== ENTRIES PROVIDED ==

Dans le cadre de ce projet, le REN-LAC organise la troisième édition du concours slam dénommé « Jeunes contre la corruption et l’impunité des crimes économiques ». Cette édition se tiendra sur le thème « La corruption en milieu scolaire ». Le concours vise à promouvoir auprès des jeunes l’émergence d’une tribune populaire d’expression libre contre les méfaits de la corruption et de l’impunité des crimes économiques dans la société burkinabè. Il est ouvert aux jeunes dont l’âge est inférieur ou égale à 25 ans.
...
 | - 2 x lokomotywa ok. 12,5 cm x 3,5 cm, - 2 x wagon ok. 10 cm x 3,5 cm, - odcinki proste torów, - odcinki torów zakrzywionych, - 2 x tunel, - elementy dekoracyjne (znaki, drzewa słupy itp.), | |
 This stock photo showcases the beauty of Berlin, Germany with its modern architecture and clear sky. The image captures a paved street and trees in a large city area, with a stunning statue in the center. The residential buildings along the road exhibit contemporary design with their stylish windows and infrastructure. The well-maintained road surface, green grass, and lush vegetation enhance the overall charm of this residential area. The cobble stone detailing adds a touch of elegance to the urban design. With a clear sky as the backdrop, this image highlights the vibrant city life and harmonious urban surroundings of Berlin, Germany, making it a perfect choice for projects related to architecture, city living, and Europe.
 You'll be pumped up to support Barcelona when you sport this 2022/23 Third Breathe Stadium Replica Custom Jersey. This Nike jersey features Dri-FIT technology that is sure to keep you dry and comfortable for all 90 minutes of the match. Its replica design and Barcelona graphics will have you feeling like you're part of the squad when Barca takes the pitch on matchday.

== WHAT YOU HAVE TO DO ==
Scan the data above. Return every line with "design" in it.

== SOLUTION TO THIS PROBLEM ==
 This stock photo showcases the beauty of Berlin, Germany with its modern architecture and clear sky. The image captures a paved street and trees in a large city area, with a stunning statue in the center. The residential buildings along the road exhibit contemporary design with their stylish windows and infrastructure. The well-maintained road surface, green grass, and lush vegetation enhance the overall charm of this residential area. The cobble stone detailing adds a touch of elegance to the urban design. With a clear sky as the backdrop, this image highlights the vibrant city life and harmonious urban surroundings of Berlin, Germany, making it a perfect choice for projects related to architecture, city living, and Europe.
 You'll be pumped up to support Barcelona when you sport this 2022/23 Third Breathe Stadium Replica Custom Jersey. This Nike jersey features Dri-FIT technology that is sure to keep you dry and comfortable for all 90 minutes of the match. Its replica design and Barcelona graphics will have you feeling like you're part of the squad when Barca takes the pitch on matchday.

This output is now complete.